SUPPLIED DATA START

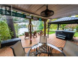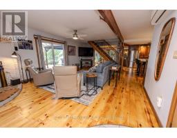 Nestled along the peaceful shores of Colonel By Lake, this enchanting 2-bedroom + den, 2-bathroom home blends rustic charm with modern elegance. Set on approximately 0.43 acres with 123 feet of waterfrontage, this property offers a serene retreat just minutes from town amenities-only an 8-minute drive away. Step inside and be greeted by the warmth of wide-plank pine floors, a cozy propane fireplace, and an open-concept kitchen designed for entertaining, featuring a large island and stunning water views through expansive windows. The natural light and panoramic views of the bay create an inviting, relaxed atmosphere throughout. Upstairs, the spacious primary suite spans the entire half-storey, offering a private sanctuary with a walk-in closet, ensuite bathroom, a generous sitting area, and sliding glass doors onto your private balcony- perfect for quiet mornings or unwinding after a long day. Outside, enjoy the tranquil waterfront lifestyle with plenty of space to relax, entertain, or launch a kayak from your shoreline. The attached double garage adds convenience, while the property's rustic-meets-modern design provides timeless appeal. With only 24 homes in this exclusive lakeside enclave, opportunities like this are rare. Whether you're a couple seeking a peaceful retreat or a small family looking for a place that feels worlds away yet close to everything - this Colonel By Lake gem is ready to welcome you home. (id:61594)
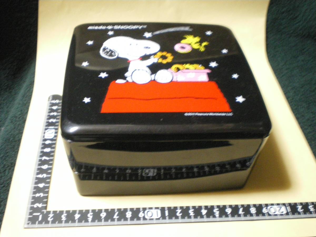 - 珍品フリマ] スヌーピー 合成樹脂製 重箱 2段重 ミスタードーナッツ「misdo SNOOPY」箱なし 新品同様 説明書つき 16cm×16cm [送料無料]
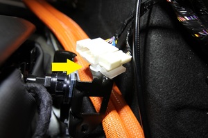 注Fully engage the electrical connector and white locking tab. The connector is intended to lock the safety cap in place.

SUPPLIED DATA END

### WORK ORDER:
Starting with the line that contains "- 珍品フリマ] スヌーピー", repeat each line exactly through the last line of the data above, and nothing more; the pictures stay out.

### SOLVED PROBLEM:
 - 珍品フリマ] スヌーピー 合成樹脂製 重箱 2段重 ミスタードーナッツ「misdo SNOOPY」箱なし 新品同様 説明書つき 16cm×16cm [送料無料]
 注Fully engage the electrical connector and white locking tab. The connector is intended to lock the safety cap in place.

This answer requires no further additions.